Sacrificare Durigon per cacciare Lamorgese: per molti questa sarebbe la strategia di Salvini, ma al leghista conviene più che il ministro resti al Viminale per poter portare avanti la sua propaganda.
Niente più barricate sul fedelissimo Claudio Durigon per puntare al bersaglio grosso: la cacciata di Luciana Lamorgese, il ministro dell’Interno su cui pende anche una possibile mozione di sfiducia da parte di Fratelli d’Italia.
Per i giornali questa sarebbe la strategia di Matteo Salvini, una sorta di do ut des per mandare a casa il ministro da tempo al centro degli attacchi da parte della Lega per la gestione dell’ordine pubblico e della questione migranti.
Come noto, dopo l’uscita sul parco a Latina da intitolare ad Arnaldo Mussolini invece che ai magistrati Giovanni Falcone e Paolo Borsellino, PD e 5 Stelle da settimane chiedono la cacciata dai ranghi del Governo di Claudio Durigon, attuale sottosegretario al MEF.
Matteo Salvini finora ha sempre difeso il suo sottosegretario ma adesso, dopo un colloquio con Mario Draghi dove comunque il caso-Durigon non sarebbe stato tra i temi discussi, il leader del Carroccio per la prima volta ha aperto a un passo indietro da parte dell’ex vice segretario dell’UGL: “Ho fiducia in lui, parlerò io con Claudio”.
Al tempo stesso, Salvini è tornato alla carica nel chiedere la testa del ministro Lamorgese: “Sarà necessario un cambio: non si sa cosa abbia fatto in otto mesi, tra morti nel Mediterraneo e rave party”.
Il piano sembrerebbe essere così molto chiaro: dare vita a una sorta di mini-rimpasto di Governo dove a perdere la poltrona non sia solo Claudio Durigon, ma anche Luciana Lamorgese. Una strategia questa che però potrebbe essere controproducente per Matteo Salvini.
Perché a Salvini fa comodo Lamorgese al Viminale
In un periodo in cui i sondaggi non sorridono più alla Lega, ormai superata da Fratelli d’Italia dopo l’ingresso nella maggioranza che sostiene il governo Draghi, Matteo Salvini deve cercare di rivedere quella che è la sua strategia comunicativa.
Quando il prossimo 3 e 4 ottobre si voterà per le elezioni amministrative e per le regionali in Calabria, le urne potrebbero certificare questo cambio nei rapporti di forza all’interno del centrodestra.
Per stoppare in qualche modo l’avanzata di Giorgia Meloni, negli ultimi giorni Matteo Salvini e Silvio Berlusconi hanno accelerato nel loro progetto di federare Lega e Forza Italia. Oltre a questa mossa politica, serve però anche materiale per portare avanti questa sorta di campagna elettorale permanente.
Con Mario Draghi che resta sempre “intoccabile”, il Carroccio dopo la cacciata dell’ex commissario straordinario all’emergenza Covid Domenico Arcuri ha subito trovato il nuovo bersaglio delle critiche: Luciana Lamorgese.

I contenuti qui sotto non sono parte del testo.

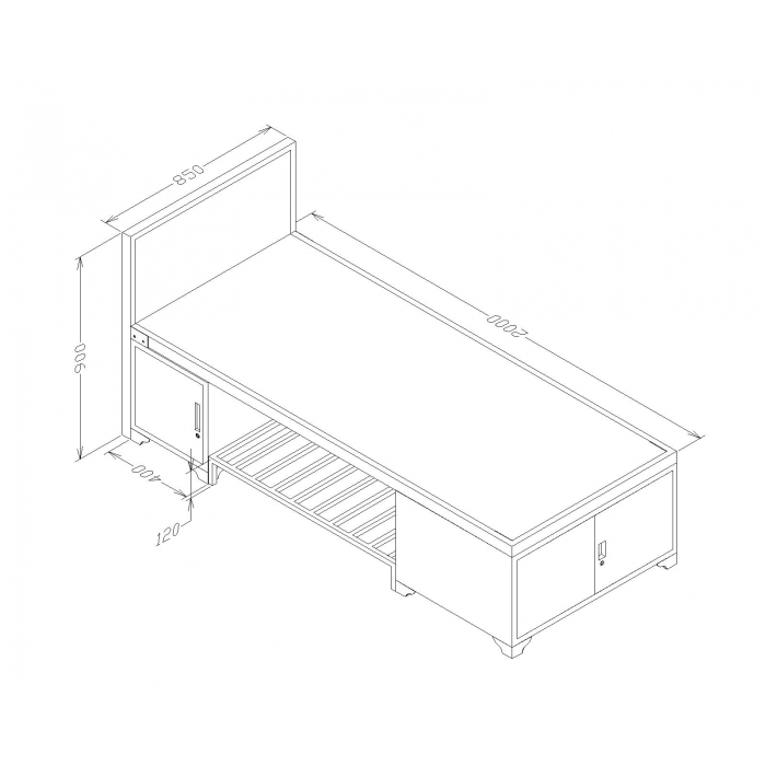 3611880,尺寸:2000*850*900,材质:钢制床架,木质床板,颜色:浅灰色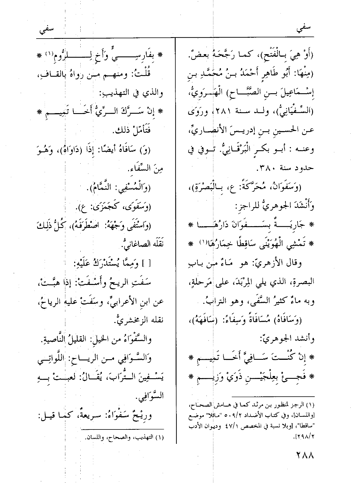 (أَو هِيَ بالفتْحِ) كَمَا رَجَّحه بعضٌ، (مِنْهَا أَبو طاهِرٍ أَحمدُ بن مُحَمَّد بنِ إسْماعيلَ بنِ الصّبَّاح) الهَرِويُّ ( {السَّفيانيُّ) وُلِدَ سَنَة 381 ورَوَى عَن الحُسَيْن بن إِدْرِيس الأَنْصارِي؛ وَعنهُ أَبو بكْرٍ البرقانيُّ، تُوفي فِي حدودِ سَنَة 380.

Dai migranti alla sicurezza fino alle ultime polemiche sul rave party nel viterbese, il ministro dell’Interno è rimasto l’ultimo appiglio per “picchiare” sui temi da sempre cari all’elettorato leghista.
Poco conta se al Viminale come sottosegretario c’è un big del Carroccio come Nicola Molteni, per non dare campo libero totale a Giorgia Meloni, che è nella ben più comoda posizione di leader dell’unico partito di opposizione, a Matteo Salvini serve che Luciana Lamorgese resti al suo posto per poter continuare ad attaccare il ministro.
Nel caso di un cambio al Ministero dell’Interno, con l’arrivo magari di un tecnico gradito alla Lega, verrebbe meno così il perfetto capro espiatorio proprio nel momento in cui l’Europa sarà tenuta a gestire l’inevitabile flusso migratorio derivante dalla crisi in Afghanistan.
Anche a Mario Draghi poco converrebbe una balcanizzazione della sua maggioranza su un tema spinoso come quello dell’imigrazione, specie in vista di un autunno che si preannuncia essere molto caldo sul fronte lavoro e pandemia.
Il sentore è di conseguenza che Claudio Durigon, nonostante le sue resistenze, alla fine dirà addio al suo ruolo al MEF magari con la prospettiva di qualche incarico futuro di peso quando si saranno calmate le acque, mentre Luciana Lamorgese appare destinata a restare al suo posto perché un avvicendamento al Viminale, in fondo, non conviene né a Matteo Salvini né a Mario Draghi.